- [Extracted records]:
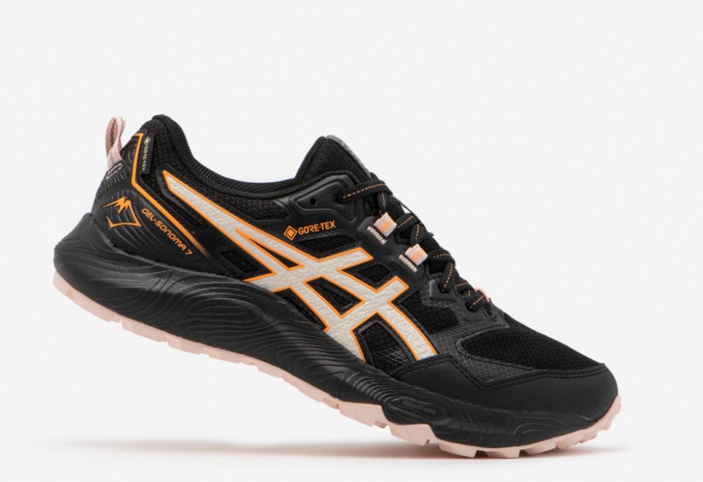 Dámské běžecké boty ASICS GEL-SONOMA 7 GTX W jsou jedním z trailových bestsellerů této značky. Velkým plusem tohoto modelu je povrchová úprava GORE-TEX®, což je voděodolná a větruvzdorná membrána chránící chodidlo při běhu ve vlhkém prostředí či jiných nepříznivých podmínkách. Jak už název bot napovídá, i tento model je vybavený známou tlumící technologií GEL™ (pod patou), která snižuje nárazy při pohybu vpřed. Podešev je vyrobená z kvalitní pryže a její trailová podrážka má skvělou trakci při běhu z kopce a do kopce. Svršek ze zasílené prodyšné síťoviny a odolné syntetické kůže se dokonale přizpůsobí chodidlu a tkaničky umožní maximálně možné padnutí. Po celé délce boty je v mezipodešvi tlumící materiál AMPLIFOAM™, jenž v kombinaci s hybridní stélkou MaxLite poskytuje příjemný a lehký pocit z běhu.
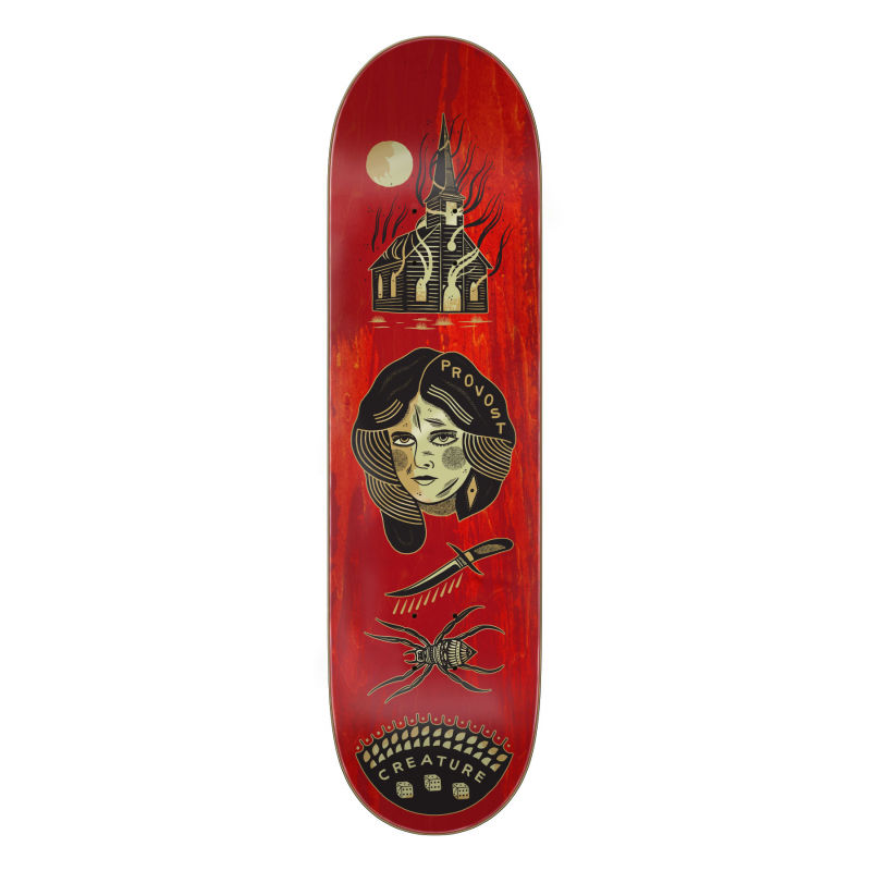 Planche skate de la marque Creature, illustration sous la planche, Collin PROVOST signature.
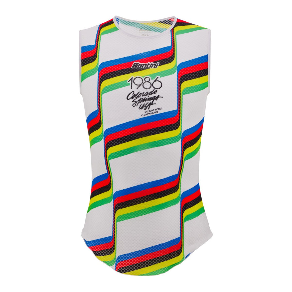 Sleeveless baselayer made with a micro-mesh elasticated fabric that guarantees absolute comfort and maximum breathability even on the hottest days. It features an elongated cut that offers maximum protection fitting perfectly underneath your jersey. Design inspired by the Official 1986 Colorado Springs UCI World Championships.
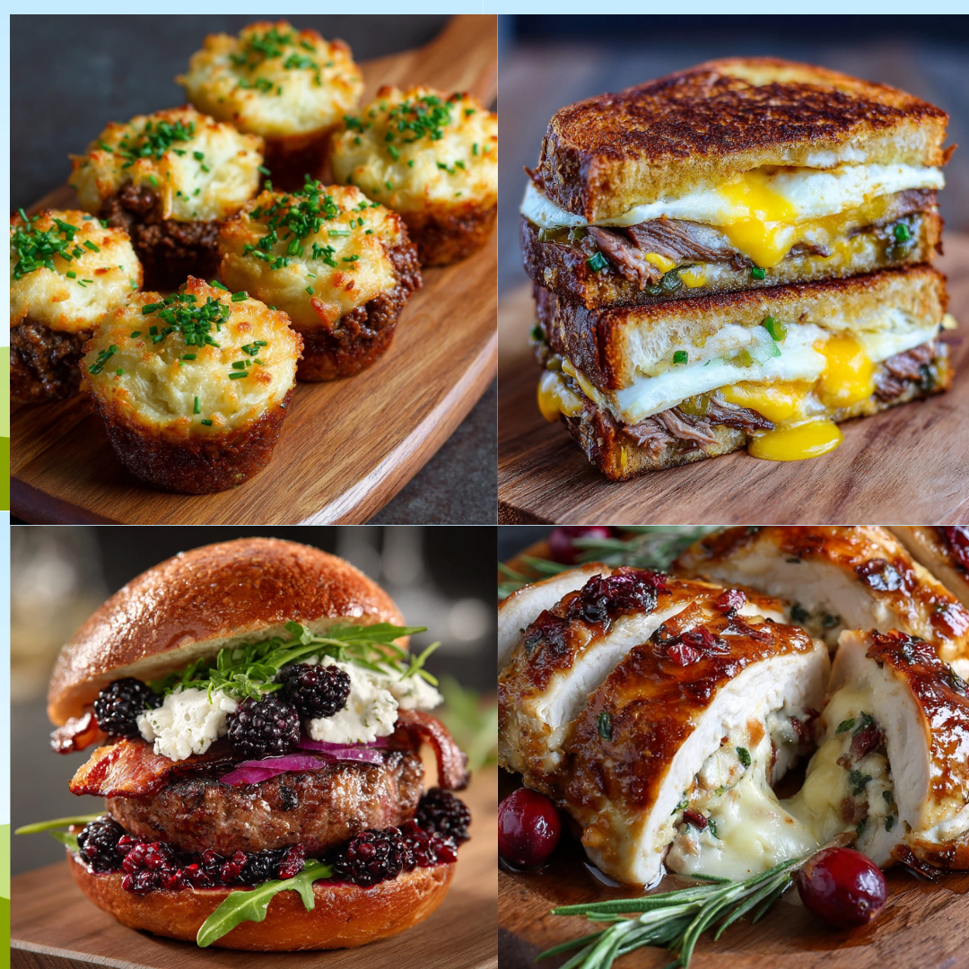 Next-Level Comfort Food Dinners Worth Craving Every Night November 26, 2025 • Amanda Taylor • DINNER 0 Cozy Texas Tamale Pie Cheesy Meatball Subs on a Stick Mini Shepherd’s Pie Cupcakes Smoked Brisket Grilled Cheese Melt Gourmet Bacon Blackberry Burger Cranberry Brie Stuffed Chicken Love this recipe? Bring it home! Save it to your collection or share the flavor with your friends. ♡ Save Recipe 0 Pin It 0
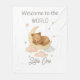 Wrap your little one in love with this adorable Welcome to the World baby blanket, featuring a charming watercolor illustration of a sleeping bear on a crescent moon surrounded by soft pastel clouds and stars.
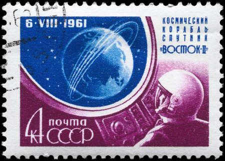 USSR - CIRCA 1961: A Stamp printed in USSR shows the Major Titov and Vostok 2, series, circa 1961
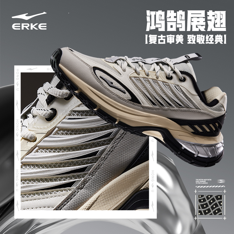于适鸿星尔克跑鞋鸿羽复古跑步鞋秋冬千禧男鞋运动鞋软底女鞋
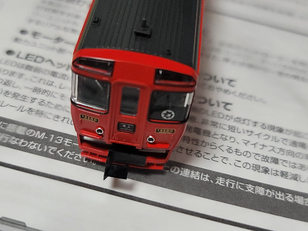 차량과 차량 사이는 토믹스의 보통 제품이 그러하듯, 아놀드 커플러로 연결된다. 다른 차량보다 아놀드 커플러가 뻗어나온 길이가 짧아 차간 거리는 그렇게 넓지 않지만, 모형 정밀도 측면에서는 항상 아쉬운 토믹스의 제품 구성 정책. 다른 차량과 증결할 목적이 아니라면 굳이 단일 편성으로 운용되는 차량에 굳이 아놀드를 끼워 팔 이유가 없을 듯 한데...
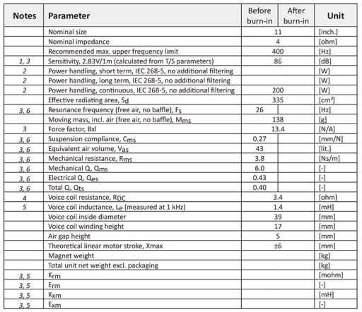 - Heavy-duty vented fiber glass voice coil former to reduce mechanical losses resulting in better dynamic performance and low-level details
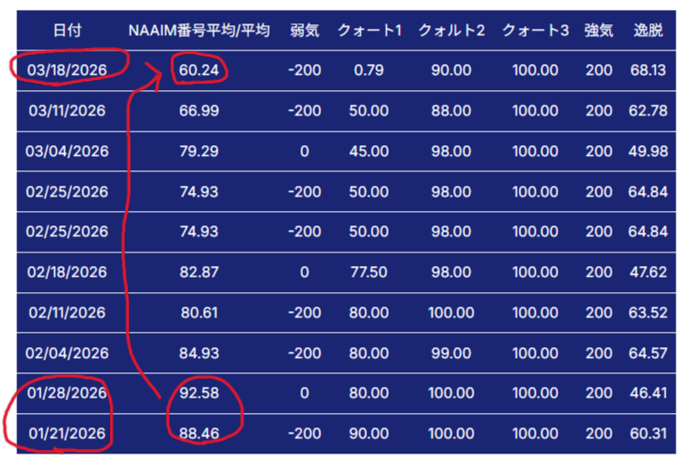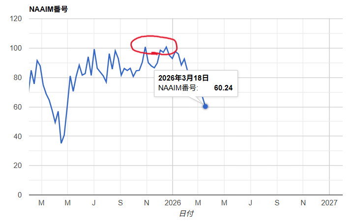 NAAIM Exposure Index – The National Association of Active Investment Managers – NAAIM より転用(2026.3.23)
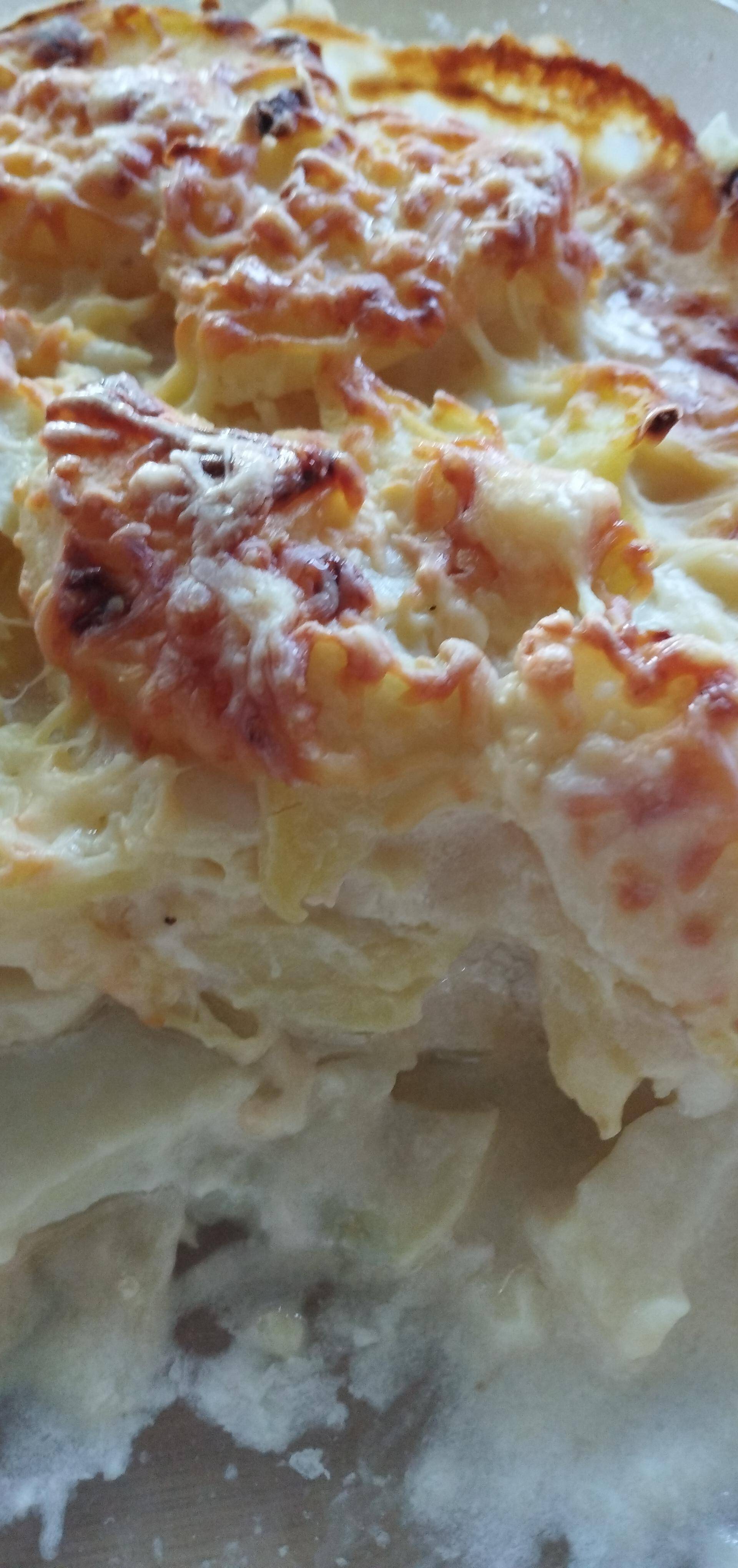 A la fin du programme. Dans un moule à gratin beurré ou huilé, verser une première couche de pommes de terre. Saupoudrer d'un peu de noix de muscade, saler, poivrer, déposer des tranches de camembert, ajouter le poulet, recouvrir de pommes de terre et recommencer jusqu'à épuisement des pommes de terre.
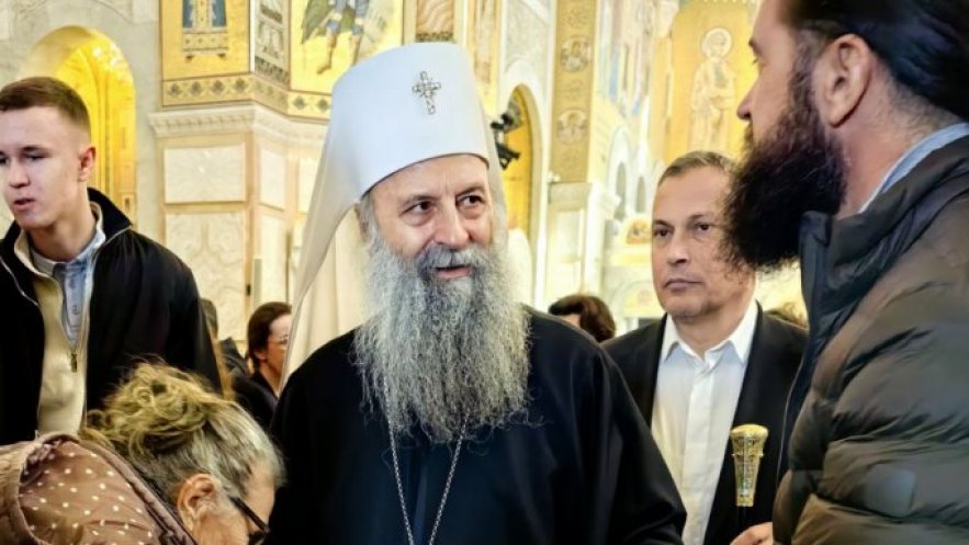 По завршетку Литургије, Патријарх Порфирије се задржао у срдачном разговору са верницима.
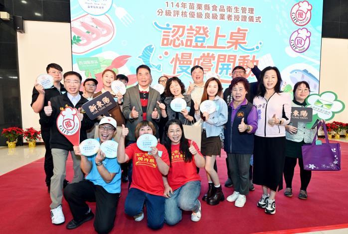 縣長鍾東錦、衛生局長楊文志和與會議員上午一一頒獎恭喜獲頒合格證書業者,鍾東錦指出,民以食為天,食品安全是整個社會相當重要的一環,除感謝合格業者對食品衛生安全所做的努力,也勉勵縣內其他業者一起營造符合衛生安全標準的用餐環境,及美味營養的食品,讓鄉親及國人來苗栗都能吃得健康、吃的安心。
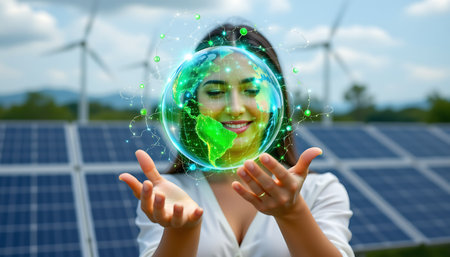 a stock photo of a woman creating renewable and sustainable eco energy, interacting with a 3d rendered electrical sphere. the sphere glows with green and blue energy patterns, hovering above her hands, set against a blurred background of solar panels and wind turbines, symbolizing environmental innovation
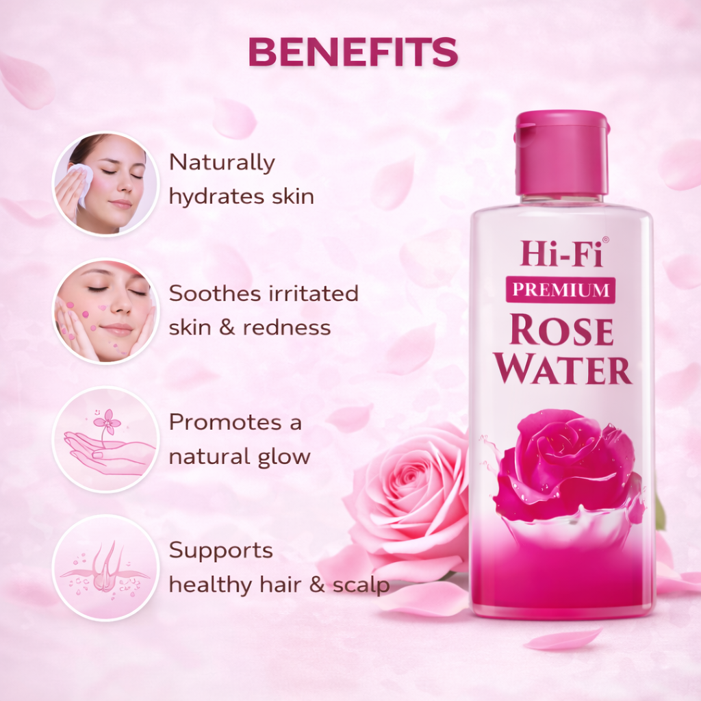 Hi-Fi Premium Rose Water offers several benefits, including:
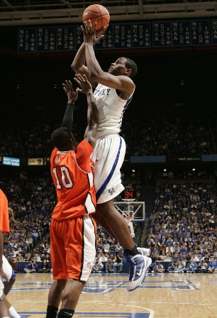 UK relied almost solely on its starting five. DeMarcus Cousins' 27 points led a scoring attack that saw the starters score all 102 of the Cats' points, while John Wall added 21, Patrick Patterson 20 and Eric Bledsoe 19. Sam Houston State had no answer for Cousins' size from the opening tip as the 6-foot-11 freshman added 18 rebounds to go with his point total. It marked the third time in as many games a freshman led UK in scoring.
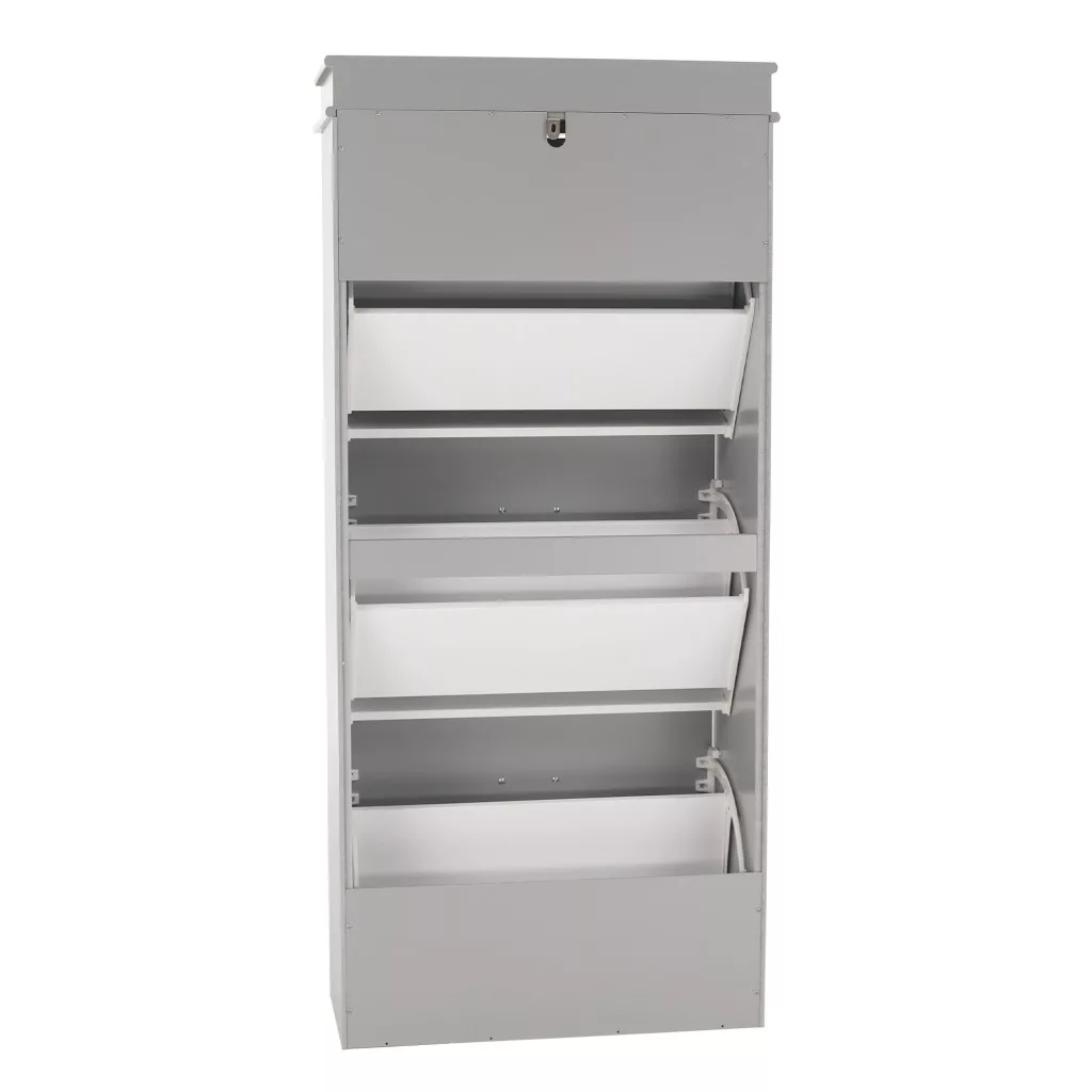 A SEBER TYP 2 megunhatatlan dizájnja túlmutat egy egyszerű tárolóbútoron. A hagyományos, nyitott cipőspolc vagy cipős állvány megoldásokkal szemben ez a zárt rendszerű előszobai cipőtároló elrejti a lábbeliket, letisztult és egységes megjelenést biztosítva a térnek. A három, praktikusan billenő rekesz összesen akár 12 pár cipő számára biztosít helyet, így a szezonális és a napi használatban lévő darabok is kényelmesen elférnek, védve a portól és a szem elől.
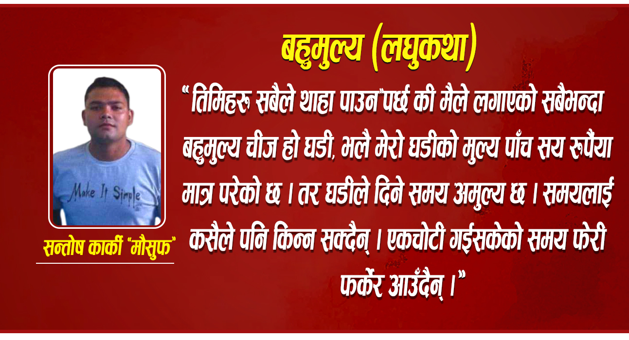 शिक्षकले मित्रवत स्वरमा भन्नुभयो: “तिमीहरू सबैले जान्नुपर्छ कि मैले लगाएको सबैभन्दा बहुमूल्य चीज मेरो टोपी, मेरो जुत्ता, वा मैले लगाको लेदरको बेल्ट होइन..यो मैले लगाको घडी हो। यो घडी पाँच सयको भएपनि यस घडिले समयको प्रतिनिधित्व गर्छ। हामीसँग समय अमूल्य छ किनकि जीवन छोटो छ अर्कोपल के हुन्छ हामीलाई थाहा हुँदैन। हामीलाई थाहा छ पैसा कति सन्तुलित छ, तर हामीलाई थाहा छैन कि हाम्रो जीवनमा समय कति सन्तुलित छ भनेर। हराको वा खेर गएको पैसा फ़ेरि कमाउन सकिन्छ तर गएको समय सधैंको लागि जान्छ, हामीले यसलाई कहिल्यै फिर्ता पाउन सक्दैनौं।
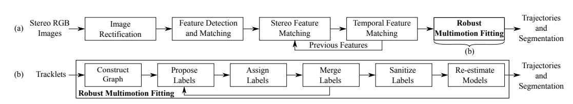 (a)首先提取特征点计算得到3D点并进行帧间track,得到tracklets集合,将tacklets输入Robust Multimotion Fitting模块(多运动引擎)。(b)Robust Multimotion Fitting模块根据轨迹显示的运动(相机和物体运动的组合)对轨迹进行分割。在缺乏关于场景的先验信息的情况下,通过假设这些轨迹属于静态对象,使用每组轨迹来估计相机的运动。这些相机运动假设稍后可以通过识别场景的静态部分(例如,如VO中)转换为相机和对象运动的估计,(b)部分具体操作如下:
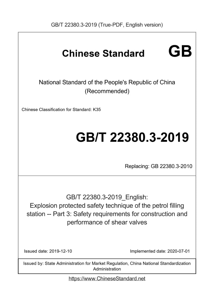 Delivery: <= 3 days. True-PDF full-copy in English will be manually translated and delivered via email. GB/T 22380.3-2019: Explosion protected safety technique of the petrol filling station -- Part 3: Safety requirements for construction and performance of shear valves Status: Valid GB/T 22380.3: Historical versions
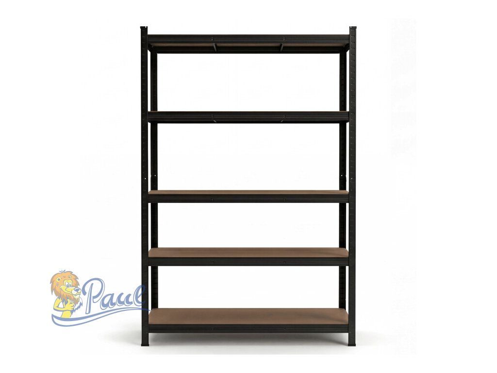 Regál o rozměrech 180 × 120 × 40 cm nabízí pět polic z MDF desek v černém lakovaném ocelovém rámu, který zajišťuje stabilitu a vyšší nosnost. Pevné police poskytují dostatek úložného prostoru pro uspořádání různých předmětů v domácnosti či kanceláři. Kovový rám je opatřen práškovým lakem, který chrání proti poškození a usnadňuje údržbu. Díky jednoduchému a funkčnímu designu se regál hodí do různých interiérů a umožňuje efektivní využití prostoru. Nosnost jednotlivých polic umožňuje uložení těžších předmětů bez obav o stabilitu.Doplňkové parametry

- [Problem description]:
Begin at the top of the records above and retype each line exactly until the line containing "Next-Level Comfort Food", which is included. Skip all pictures.

- [Exercise solution]:
 Dámské běžecké boty ASICS GEL-SONOMA 7 GTX W jsou jedním z trailových bestsellerů této značky. Velkým plusem tohoto modelu je povrchová úprava GORE-TEX®, což je voděodolná a větruvzdorná membrána chránící chodidlo při běhu ve vlhkém prostředí či jiných nepříznivých podmínkách. Jak už název bot napovídá, i tento model je vybavený známou tlumící technologií GEL™ (pod patou), která snižuje nárazy při pohybu vpřed. Podešev je vyrobená z kvalitní pryže a její trailová podrážka má skvělou trakci při běhu z kopce a do kopce. Svršek ze zasílené prodyšné síťoviny a odolné syntetické kůže se dokonale přizpůsobí chodidlu a tkaničky umožní maximálně možné padnutí. Po celé délce boty je v mezipodešvi tlumící materiál AMPLIFOAM™, jenž v kombinaci s hybridní stélkou MaxLite poskytuje příjemný a lehký pocit z běhu.
 Planche skate de la marque Creature, illustration sous la planche, Collin PROVOST signature.
 Sleeveless baselayer made with a micro-mesh elasticated fabric that guarantees absolute comfort and maximum breathability even on the hottest days. It features an elongated cut that offers maximum protection fitting perfectly underneath your jersey. Design inspired by the Official 1986 Colorado Springs UCI World Championships.
 Next-Level Comfort Food Dinners Worth Craving Every Night November 26, 2025 • Amanda Taylor • DINNER 0 Cozy Texas Tamale Pie Cheesy Meatball Subs on a Stick Mini Shepherd’s Pie Cupcakes Smoked Brisket Grilled Cheese Melt Gourmet Bacon Blackberry Burger Cranberry Brie Stuffed Chicken Love this recipe? Bring it home! Save it to your collection or share the flavor with your friends. ♡ Save Recipe 0 Pin It 0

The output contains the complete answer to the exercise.